More Referendum Reflections

No. Not the one on the EU. Last year’s on Scottish Independence. (For my immediate thoughts on its result see here.)

The subject of the consequences of the “no” vote were referred to once again in The Guardian, on Thursday, this time by Alan Bissett in which he mentions Alan Warner’s view that a “no” vote represented a schism between the voters and the writers, which I also mused on.

As followers of this blog will know I have been reading a lot of Scottish literature recently, both modern and otherwise. It is safe to say that there is such a beast as Scottish writing and its recurring concerns and themes do tend to differ – at least in emphasis and psychology – from literature emanating from elsewhere in the UK. Is this insular? The wider community certainly does not afford it the status of a national (or even regional) literature; perhaps because it is liable to be misunderstood or seen as parochial even where it’s not neglected.

Yet how parochial are the sentiments expressed in Rupert Brooke’s poem The Soldier – a poem widely considered as being serious in purpose (if nowadays also seen as just a touch wrong-headed, though not as wrong-headed as those in the same poet’s Death) and included in many an anthology of First World War poetry?
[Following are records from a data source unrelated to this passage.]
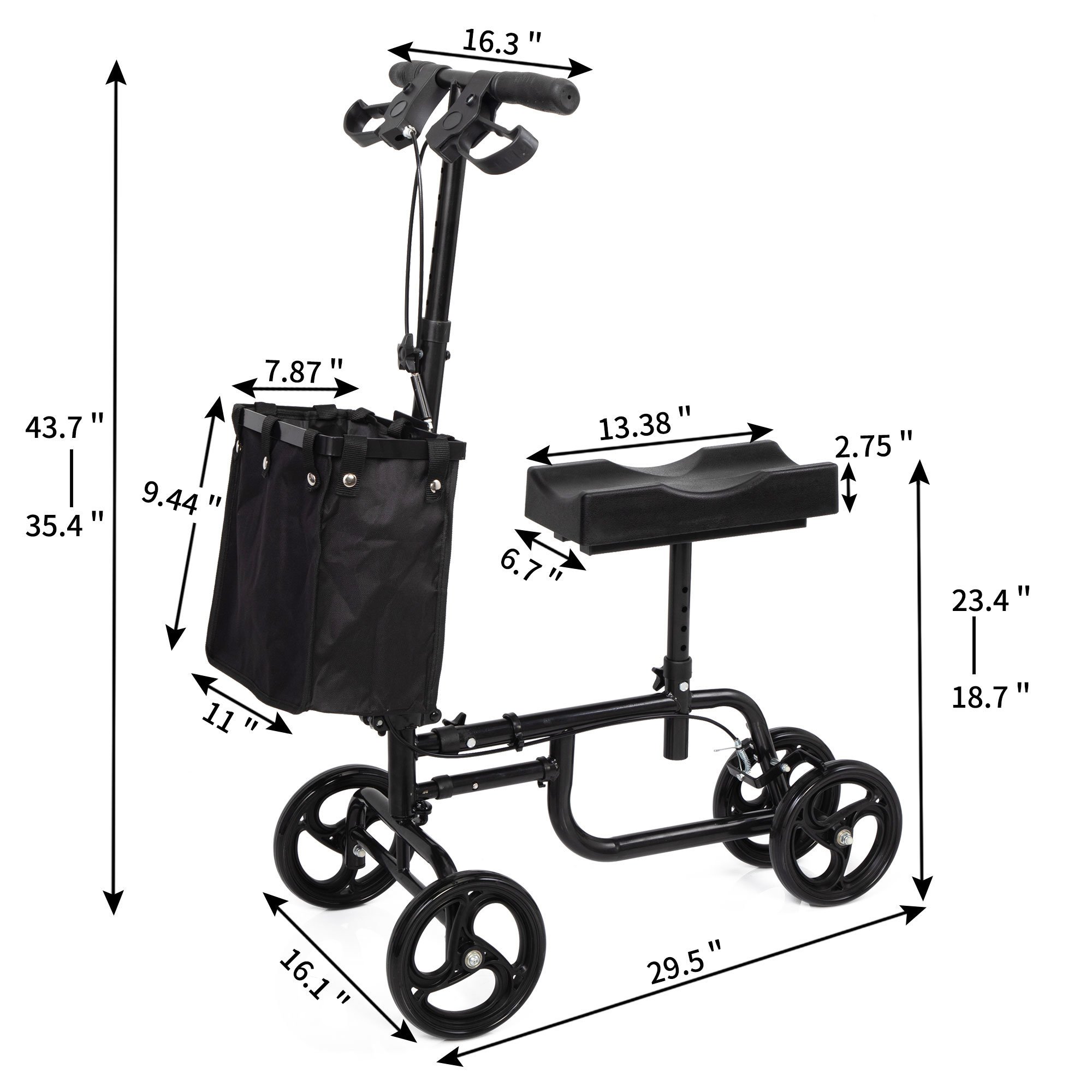 Specifications:Color: BlackMaterial: Iron + PVC + PU(Body iron,seat cushion PU,wheels PVC,iron pipes made of spray paint)Overall Dimensions: 33.86"L x 16.14"W x (35.63-42.72)"HKnee Pad Dimensions: 13.39"L x 6.69"W x 2.76"T(thick)Adjustable Height of Knee Platform: 18.11"-22.83"Each Wheel Diameter: 7.87"Bag Dimensions: 11.02"L x 7.87"W x 9.45"HMaximum Weight Capacity: 330 lbsNet Weight: 22 lbs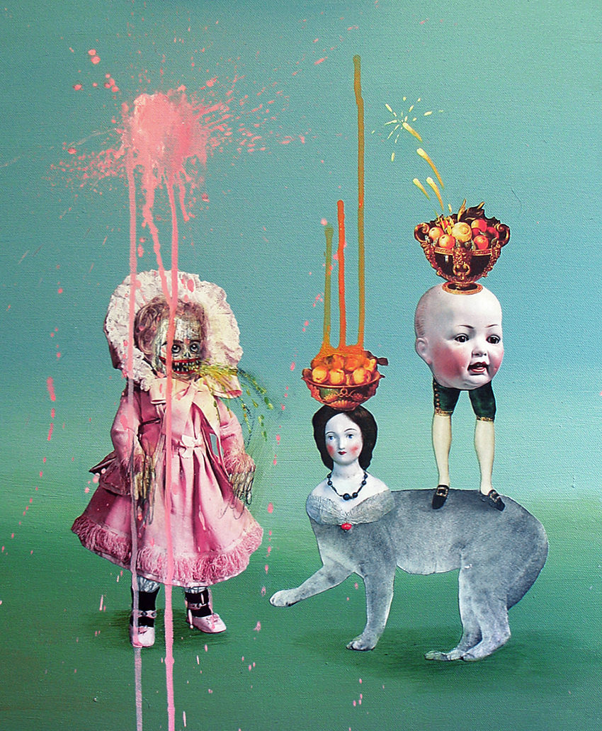 Previous Next Published 2020-08-26 at 850 × 1032 in DIGITAL COLLAGES BY MIA MAKILA “Dollyland” (2007) acrylic, paper cut-outs and charcoal on canvas. Unavailable.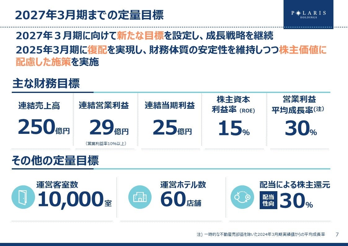 2027年3月期までの定量目標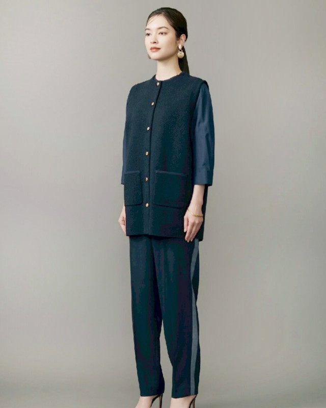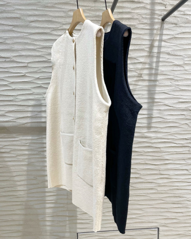 ツイーディーな表情感が秋のスタイリングのポイントになるニットジレです。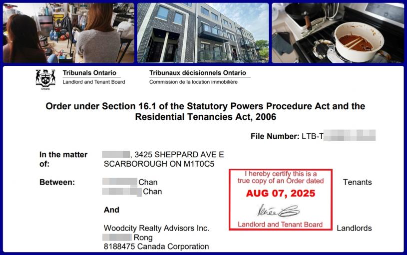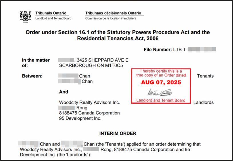 8月7日,安省业主和租客仲裁委员会(LTB)就案件发出一道临时命令(interim order),指相关业主涉嫌干扰租客单位的食水及电力供应,并阻碍租客进入单位。仲裁委员会要求拥有业权一方应即时恢复水电,并加快排期聆讯。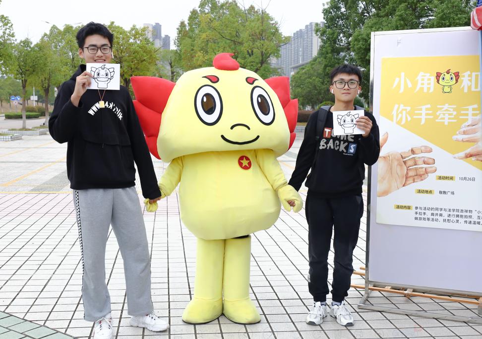 “吉祥物太可爱啦!”“我可以和小角合照吗?”“和小角互动真的很解压!”……在活动现场,身着玩偶衣的吉祥物“小角”与学生们挥手、拥抱,热情的动作和憨态可掬的体态吸引大家纷纷前来“打卡”。百余名学生和小角手拉手、肩并肩,在一片欢声笑语中比“v”合影留念。
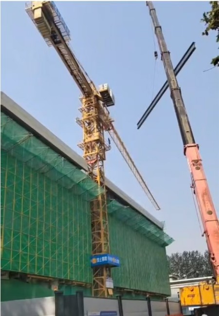 “大臂往右,慢一點(diǎn)……”塔吊下,信號(hào)工通過(guò)對(duì)講機(jī)指揮塔吊緩慢旋轉(zhuǎn)避讓。隨后,負(fù)重吊車精準(zhǔn)、平穩(wěn)地將鋼梁吊裝到施工區(qū)。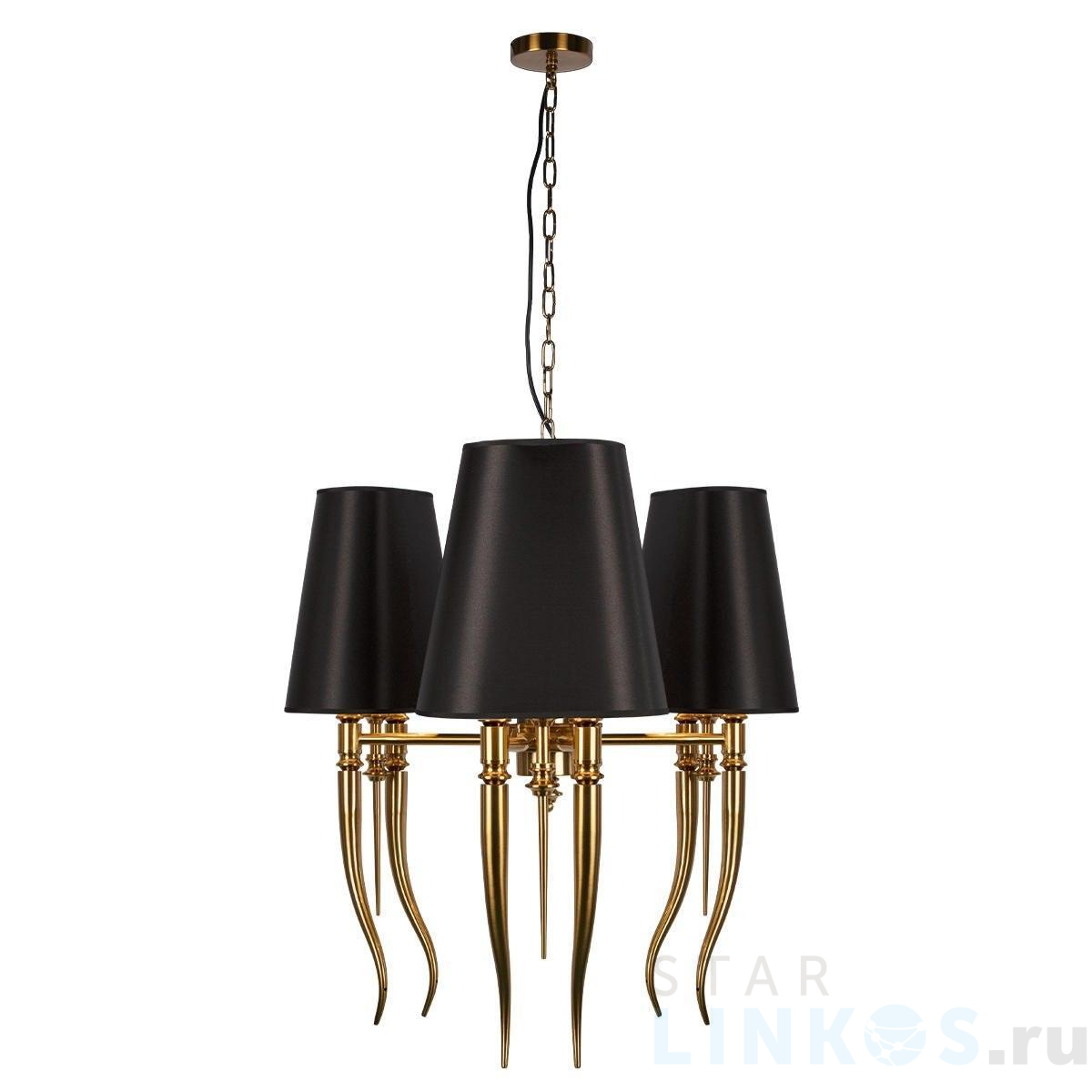 Поставщик рекомендует использовать лампы накаливания с цоколем E14. Подвесная люстра Loft IT Brunilde 10207/6 Gold в стиле арт-деко используется в интерьере гостиной с установкой на потолок.

To my mind it is impossible to conceive of a Scottish poet of those times writing such words about his land in such a way. And if he had (it would have been a “he” the times being what they were) he would most likely have been ridiculed, certainly not still being reprinted one hundred years later.

Bissett mentions the view that the 2015 General Election result in Scotland was politics catching up with Scottish culture. An alternative take is that the Scottish Labour Party failed to recognise that after devolution the centre of gravity of Scottish politics had shifted decisively to Holyrood (which it saw as a sideshow – and probably still does) and as a consequence neglected to pay it enough attention or put up for election to it sufficient numbers of its best politicians. That Labour in the UK has consistently failed to “protect” Scotland from Tory policies – even as New Labour which often felt like a mildly diluted Thatcherism – only compounded this mistake. It is possible that, for Labour, Scotland is gone, and is unrecoverable in the short term. Whether Corbynmania is enough to overturn that perception remains to be seen. Some Labour voters may return to the fold but once political trust is lost it is usually hard to regain.

Yet in many ways it is as if the Scottish people feel that the country did become kind of independent on devolution; or at least that the Scottish Parliament was an adequate reflection of their political desires. Yes they do know that Westminster holds sway on many of the most important aspects of political life but they feel it’s at arm’s length, divorced from them almost.

Bissett concludes that there can be no “schism” between Scotland and its artists. My reading of Scottish literature and its history suggests that, even if some may transcend such labelling, while the idea of Scotland and a distinct Scottishness persists writers will continue to reflect those origins in their stories and the characters they describe. As Scottish writers that is arguably what they are for.